DATA TO EXAMINE –
Start of Block

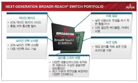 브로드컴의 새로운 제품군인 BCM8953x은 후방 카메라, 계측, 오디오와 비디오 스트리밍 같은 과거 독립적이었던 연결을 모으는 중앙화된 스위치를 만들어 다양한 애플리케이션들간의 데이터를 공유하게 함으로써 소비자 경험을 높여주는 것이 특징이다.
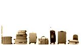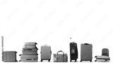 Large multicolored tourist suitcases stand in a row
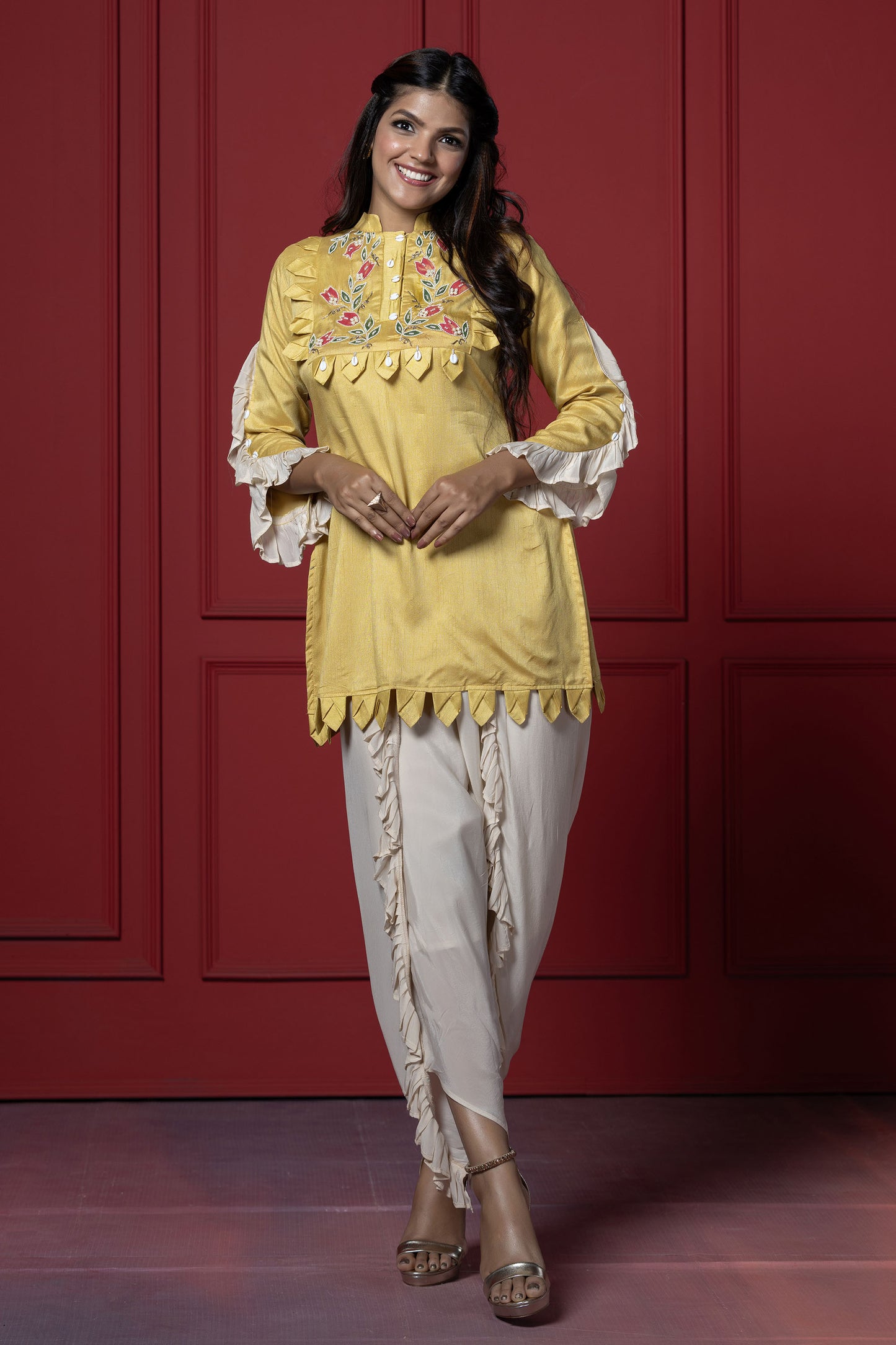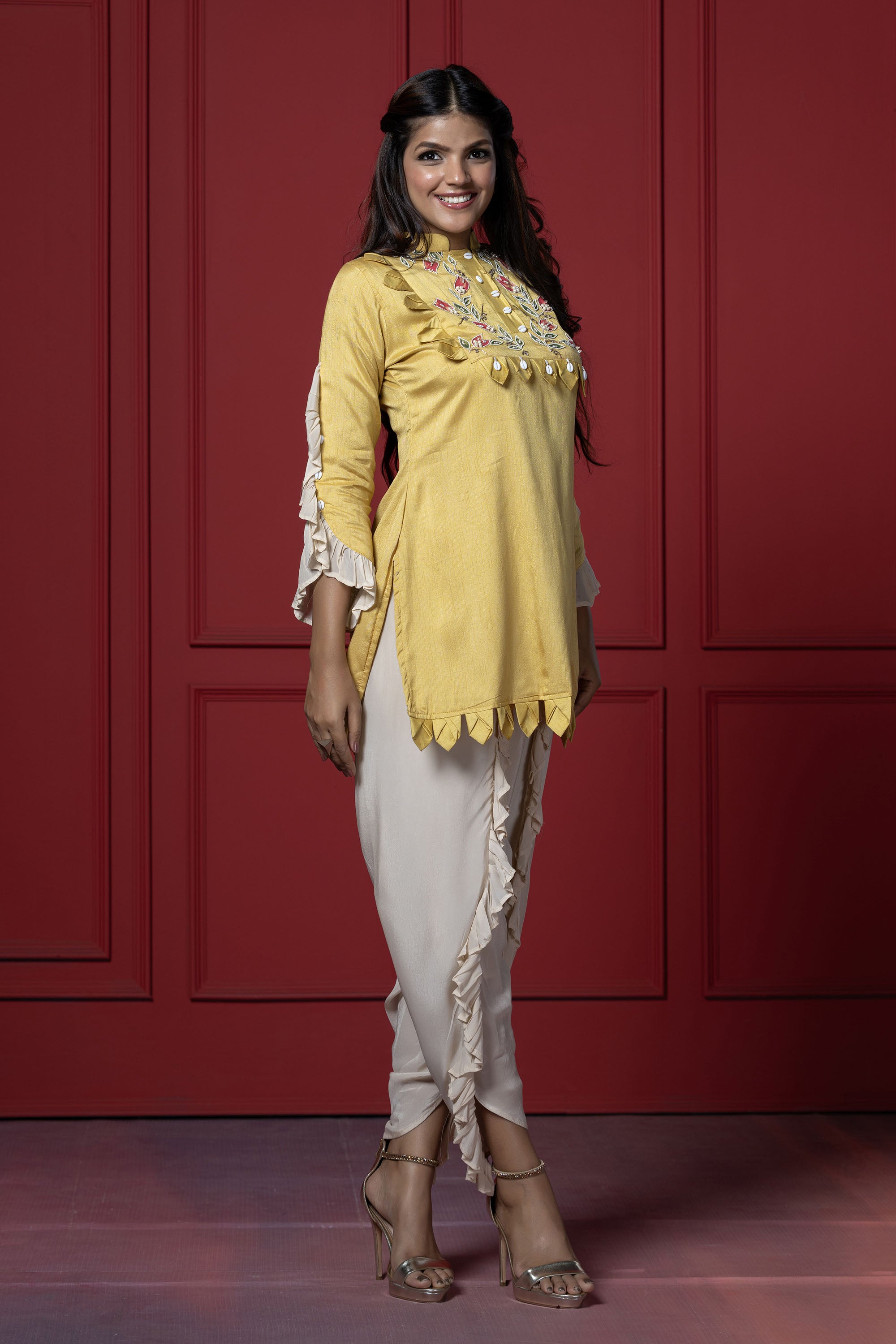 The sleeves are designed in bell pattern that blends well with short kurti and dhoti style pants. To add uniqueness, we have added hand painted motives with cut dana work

End of Block
Start of Block

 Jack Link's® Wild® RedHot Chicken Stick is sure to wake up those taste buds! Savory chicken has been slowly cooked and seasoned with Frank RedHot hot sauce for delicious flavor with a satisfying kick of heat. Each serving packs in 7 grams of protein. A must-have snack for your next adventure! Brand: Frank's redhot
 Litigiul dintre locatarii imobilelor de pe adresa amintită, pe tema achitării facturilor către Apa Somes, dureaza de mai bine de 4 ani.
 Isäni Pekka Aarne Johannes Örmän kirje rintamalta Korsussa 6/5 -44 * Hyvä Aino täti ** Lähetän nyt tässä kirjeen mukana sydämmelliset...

End of Block

DESCRIPTION OF THE TASK – When copying from the data above, begin at the line containing "브로드컴의 새로운 제품군인" and end at the line containing "The sleeves are"; return those lines exactly and leave all pictures behind.

FINISHED EXERCISE –
 브로드컴의 새로운 제품군인 BCM8953x은 후방 카메라, 계측, 오디오와 비디오 스트리밍 같은 과거 독립적이었던 연결을 모으는 중앙화된 스위치를 만들어 다양한 애플리케이션들간의 데이터를 공유하게 함으로써 소비자 경험을 높여주는 것이 특징이다.
 Large multicolored tourist suitcases stand in a row
 The sleeves are designed in bell pattern that blends well with short kurti and dhoti style pants. To add uniqueness, we have added hand painted motives with cut dana work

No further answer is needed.